«Un “socle commun” sans sens commun» : la formule, qui circule déjà comme une critique lapidaire, résume le constat d’une partie de la droite et du centre. Après des municipales qui, selon leurs partisans, ont réservé quelques bonnes surprises, les forces du «socle commun» semblent s’enliser dans des débats de méthode plutôt que de fond.
Un constat partagé, des objectifs communs
Les acteurs de ce camp partent d’un constat simple et répété : la multiplication des prétendants réduit les chances de qualification pour le second tour. Autour de ce diagnostic se dessine un terrain d’accord programmatique. Fermeté sur le régalien, encouragement au travail, redressement des comptes publics, et réformes de l’école, de l’hôpital et de la justice figurent parmi les objectifs présentés comme prioritaires.
Ces convergences, qui vont de la gauche de certaines formations centristes jusqu’à la droite de LR, laissent supposer qu’un projet commun est théoriquement possible. Pourtant, l’union n’apparaît pas comme une évidence pragmatique : les mêmes priorités se heurtent à des divergences sur la manière de s’organiser pour les porter.
La méthode, point de rupture
La question de la méthode — comment choisir un candidat et quelle stratégie d’alliance adopter — polarise les débats. Certains acteurs plaident pour une primaire contraignante afin de départager les postulants. D’autres, proches de personnalités politiques qui envisagent une candidature autonome ou qui refusent le principe de la primaire, rejettent cette voie.

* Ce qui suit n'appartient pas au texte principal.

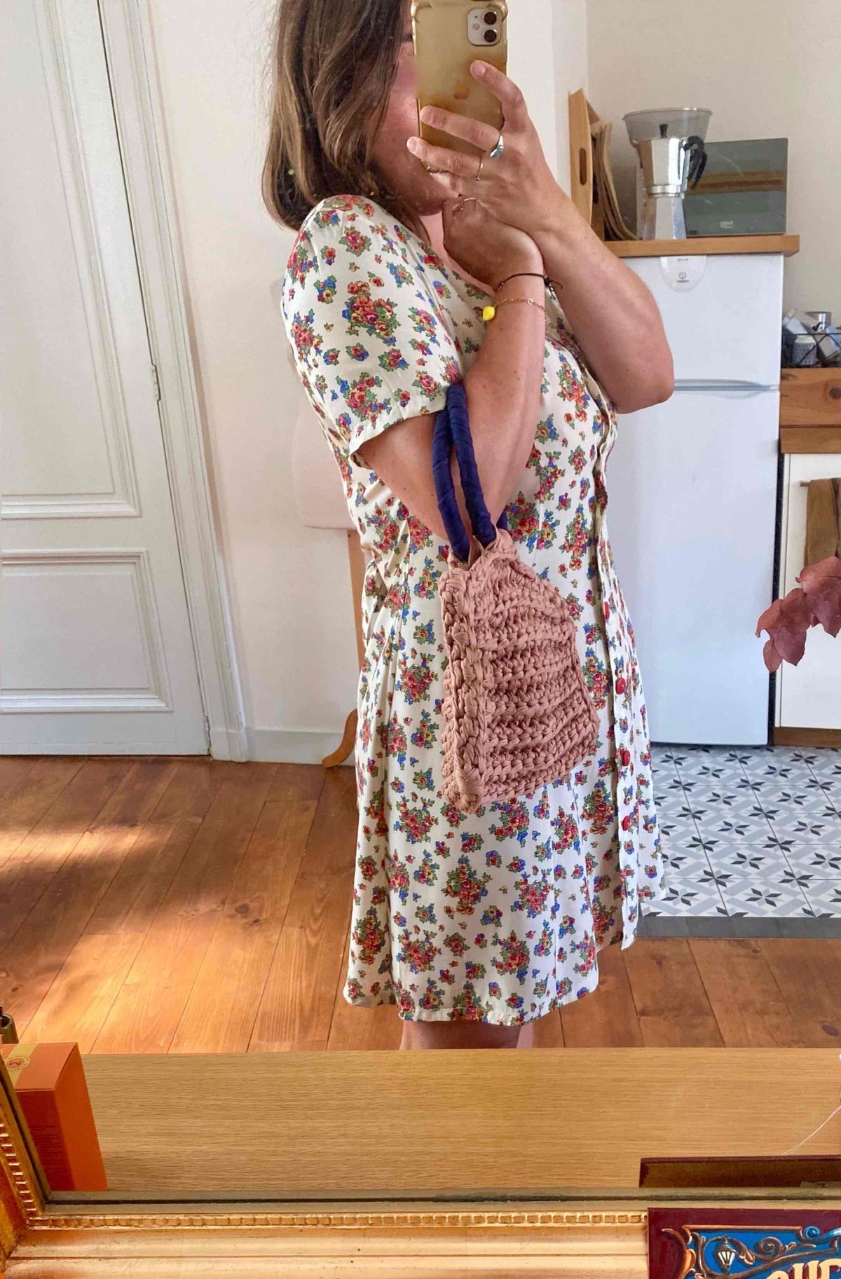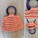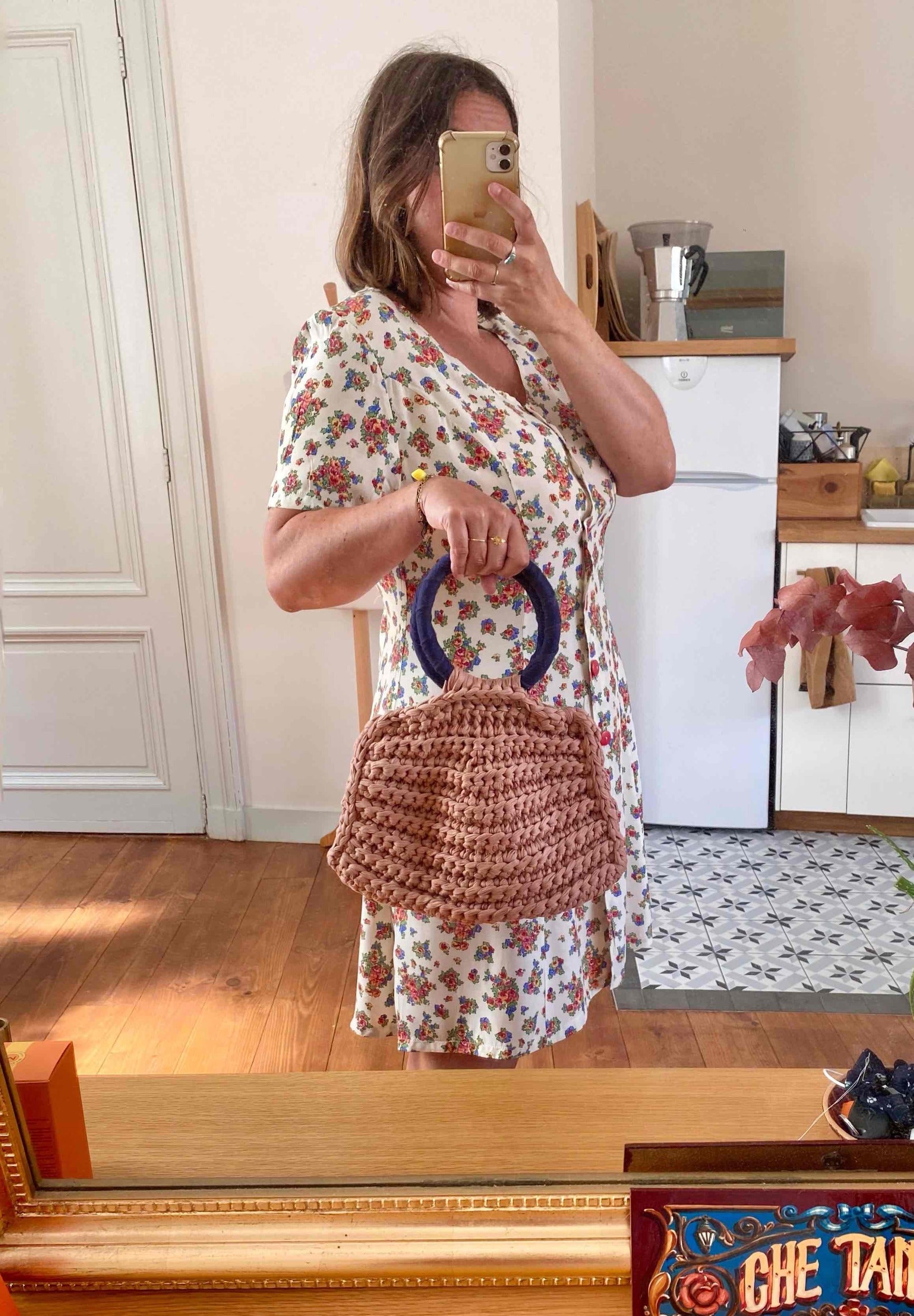 Prix unitaire parSac en crochet rose pastel, en maille ruban de jersey coton, anses poignets rondes tressées de jersey bleu nuit, fait main en Italie.
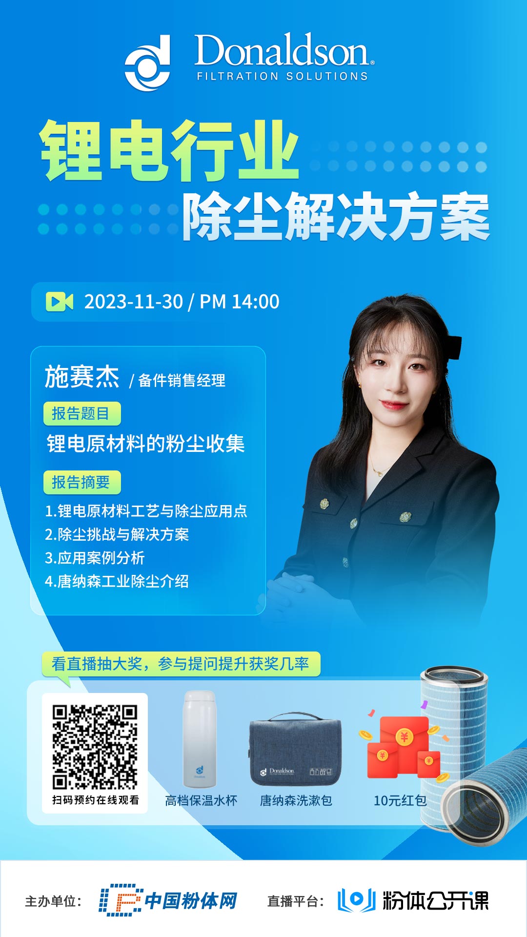 粉體公開(kāi)課聯(lián)合唐納森共同舉辦此次會(huì)議,探討鋰電原材料的粉塵收集!歡迎大家掃碼預(yù)約觀看!
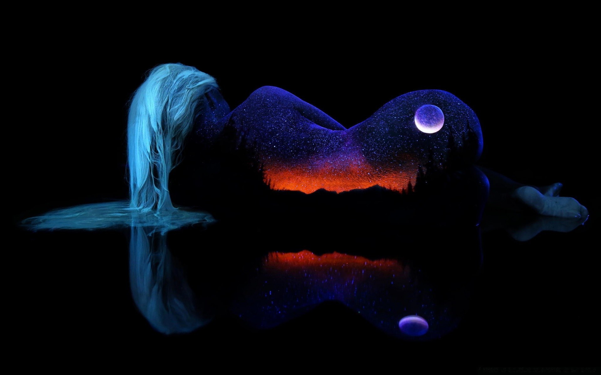 Fille graphique 3D avec sur fond bleu avec une coiffure de givre et des armes à froid dans les mains
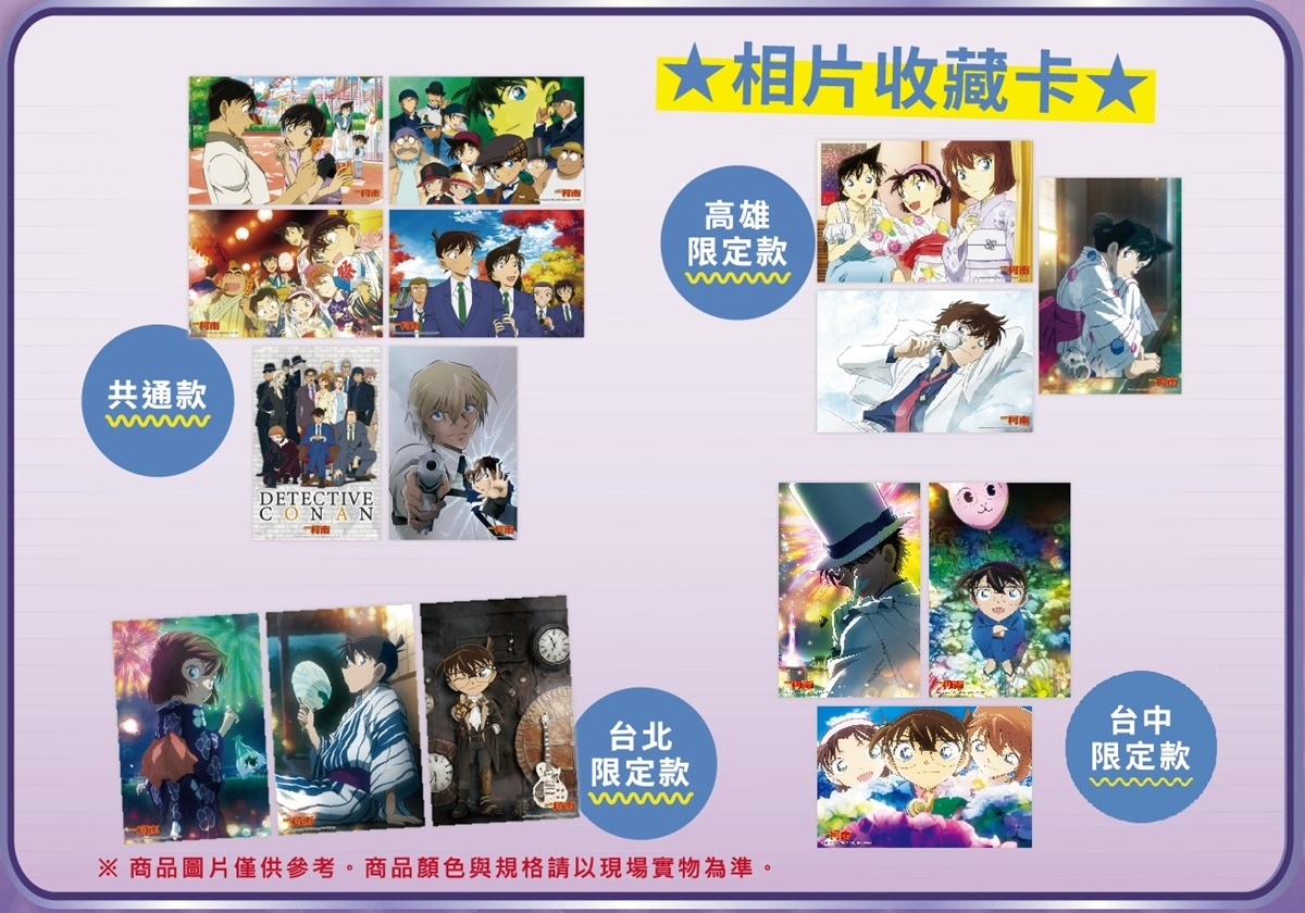 廣受粉絲喜愛的紀念小物全新再進化,精心打造台北、台中、高雄專屬圖樣的紀念收藏卡,全套 15 張集滿就是最強柯南粉!
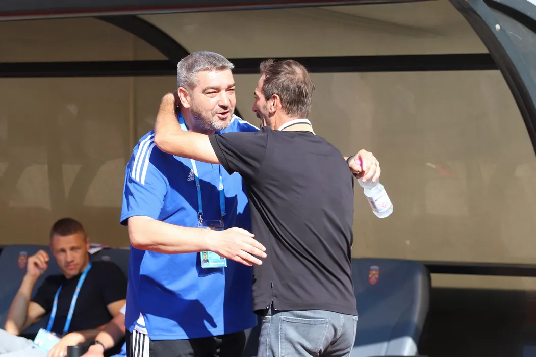 Cei doi antrenori Marius Măldărașanu și Liviu Ciobotariu se salută înaintea meciului de fotbal dintre AFC Hermannstadt Sibiu si FC Botoșani, peru Superliga Superbet, desfășurat pe Stadionul Municipal din Sibiu, sâmbătă 10 august. © FOTO: Valentin MACREA/SPORT PICTURES

Parmi les tensions évoquées figurent des oppositions visibles entre responsables qui ne se présentent pas eux-mêmes et des candidats potentiels qu’ils soutiennent pour des raisons différentes. Cette dissociation entre influence politique et candidature formelle alimente la confusion et ralentit la constitution d’un centre de gravité électoral clair.
Fragmentation et risques pour Les Républicains
Pour certains observateurs, cette multiplication de querelles internes pourrait avoir une conséquence structurante : affaiblir durablement Les Républicains comme force politique capable de rivaliser à l’échelle nationale. Le risque, avancé par plusieurs voix, est que la focalisation sur les procédures et les ego l’emporte sur la construction d’un projet mobilisateur.
En l’absence d’un récit commun et d’une méthode acceptée par la majorité des acteurs, les convergences programmatiques restent lettre morte. Les thèmes cités — régalien, travail, finances publiques, éducation, santé, justice — peuvent certes constituer la colonne vertébrale d’un projet partagé. Mais la traduction électorale de ces priorités exige une discipline collective et une stratégie de désignation qui font actuellement défaut.
Autre conséquence directe : la compétition interne favorise une surenchère méthodologique, où l’on débat davantage des règles du jeu que des réponses concrètes aux problèmes quotidiens des citoyens. Ce constat nourrit l’impression, dans une partie de l’opinion, d’une droite et d’un centre prisonniers d’un débat procédurier.
Quelle voie possible pour reconstruire un projet commun ?
Les options ouvertes ne sont ni simples ni inédites. Elles vont d’une primaire large, destinée à légitimer un candidat unique, à des conventions d’alliance négociées en amont, en passant par des «accords de gouvernement» sur des points programmatiques précis. Chacune de ces solutions exige des concessions et une capacité à dépasser les rivalités personnelles.
Sans mutation de la méthode, l’autre risque est de laisser le terrain politique à des forces qui ont, elles, adopté des logiques de rassemblement différentes. Pour éviter ce scénario, les acteurs du «socle commun» devront transformer leurs convergences de principe en propositions originales et mobilisatrices, capables de parler au-delà des cénacles partisans.
À défaut, la critique formulée dès aujourd’hui — que l’union se transforme en motif de division — risque de se confirmer. Le défi qui reste posé est donc double : trouver une méthode acceptable et produire des idées fortes pour reconstruire une offre politique lisible.